The future of liberalism: secular or religious?
Also at Level Up, I participated in a panel with David Wolpe, Ayaan Hirsi Ali, and Craig Biddle entitled “The Future of Liberalism: Religious or Secular?” Ostensibly it was about whether political liberalism (in the broad sense of that term) can be maintained on a secular basis or whether it needs religion to sustain it. But our conversation varied far from that bullseye and ended up on some classic arguments for an against the existence of God, and whether one can have spirituality without supernaturalism. The conversation wasn’t as disciplined as I would’ve preferred—but the audience seems to have really enjoyed it. You can watch here:
Obviously my perspective affects how I see this, but: I do think it was pretty obvious that both Wolpe and Hirsi Ali resorted to a variety of devices to evade logic and to substitute words for arguments. Wolpe’s definition of “faith,” for example, was so incredibly vague as to be effectively meaningless, and he frequently resorted to horse laugh, sneering, and other logical fallacies. Hirsi Ali did not dispute—but in fact conceded—that her newfound religious belief, such as it is, is a matter of “subjective choice” on her part (which seems blasphemous to me), rather than anything Christianity has traditionally recognized as a legitimate adherence to the faith. (One does not choose to believe; that would be prideful.) And nobody tried to answer my point about the Second Commandment.

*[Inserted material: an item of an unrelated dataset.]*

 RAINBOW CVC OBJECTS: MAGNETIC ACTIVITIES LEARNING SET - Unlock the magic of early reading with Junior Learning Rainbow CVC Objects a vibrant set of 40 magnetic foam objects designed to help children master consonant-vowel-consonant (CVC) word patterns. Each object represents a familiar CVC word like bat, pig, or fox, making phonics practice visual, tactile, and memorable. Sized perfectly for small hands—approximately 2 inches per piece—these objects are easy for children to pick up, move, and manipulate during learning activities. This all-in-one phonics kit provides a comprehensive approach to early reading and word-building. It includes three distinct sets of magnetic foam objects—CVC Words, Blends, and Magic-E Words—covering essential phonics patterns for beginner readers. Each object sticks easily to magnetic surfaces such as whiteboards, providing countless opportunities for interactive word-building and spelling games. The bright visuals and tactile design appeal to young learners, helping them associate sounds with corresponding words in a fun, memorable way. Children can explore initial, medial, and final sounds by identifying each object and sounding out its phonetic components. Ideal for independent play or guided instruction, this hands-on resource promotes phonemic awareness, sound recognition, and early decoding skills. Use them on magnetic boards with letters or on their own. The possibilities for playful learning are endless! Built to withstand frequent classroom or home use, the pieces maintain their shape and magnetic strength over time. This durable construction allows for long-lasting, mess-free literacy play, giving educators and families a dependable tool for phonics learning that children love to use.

But the point I hope really came home was that both, and especially Hirsi Ali, are reacting against the element within the atheist community that is effectively nihilistic—that offers no positive philosophical teaching about values. And on that point, we all emphatically agreed. The Objectivist community has said all along that the biggest problem with the “New Atheism” is that it offers only arguments against wrong ideas, but has never proposed convincing arguments in favor of good ideas. Because Wolpe and Hirsi Ali are unfamiliar with rational arguments for morality and flourishing, they assume it’s a choice between dogma and nihilism, and that’s just not true.

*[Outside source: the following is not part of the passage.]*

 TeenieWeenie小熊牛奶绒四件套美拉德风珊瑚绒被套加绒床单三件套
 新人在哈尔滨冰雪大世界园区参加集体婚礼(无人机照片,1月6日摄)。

Contracts and price controls
I joined my friends Armstrong & Getty a couple weeks ago to talk about the remarkable story about a lawsuit against Disney, in which Disney claimed that the plaintiff was required to go to arbitration, because he agreed to arbitration when he clicked the “terms of service” on Disney+…even though his lawsuit has nothing to do with Disney+, but involves one of their amusement parks. Disney+ rather quickly dropped that argument, but it’s a really fascinating question about contracts and arbitration—
…but then we couldn’t help getting into other things, like why price controls are stupid. You can listen here.
What’s going on at work?
It’s been an extraordinarily busy month at the Goldwater Institute. We won a crucial victory at the Arizona Supreme Court against government subsidies to public-sector unions. We won a victory in the Court of Appeals against a misleading ballot initiative. We won a case at the Ninth Circuit, opposing mandatory bar associations. We filed briefs in an Indian Child Welfare Act case we’re litigating in Minnesota, and in a case in California challenging restrictions on telemedicine, and in a U.S. Supreme Court case challenging restrictions on the right of workers to leave their union…and a bunch of other stuff. Remember to read the Institute’s blog for regular updates.
Poems at Medusa’s Kitchen
I recently had a group of poems published in Medusa’s Kitchen, one of the main poetry venues for Sacramento-area writers, of whom I used to be one. The poems are more or less on the theme of Venus.
In “Winter Sestina,” I borrow from, among others, the poems of Dylan Thomas and the lyrics of “Autumn Leaves.”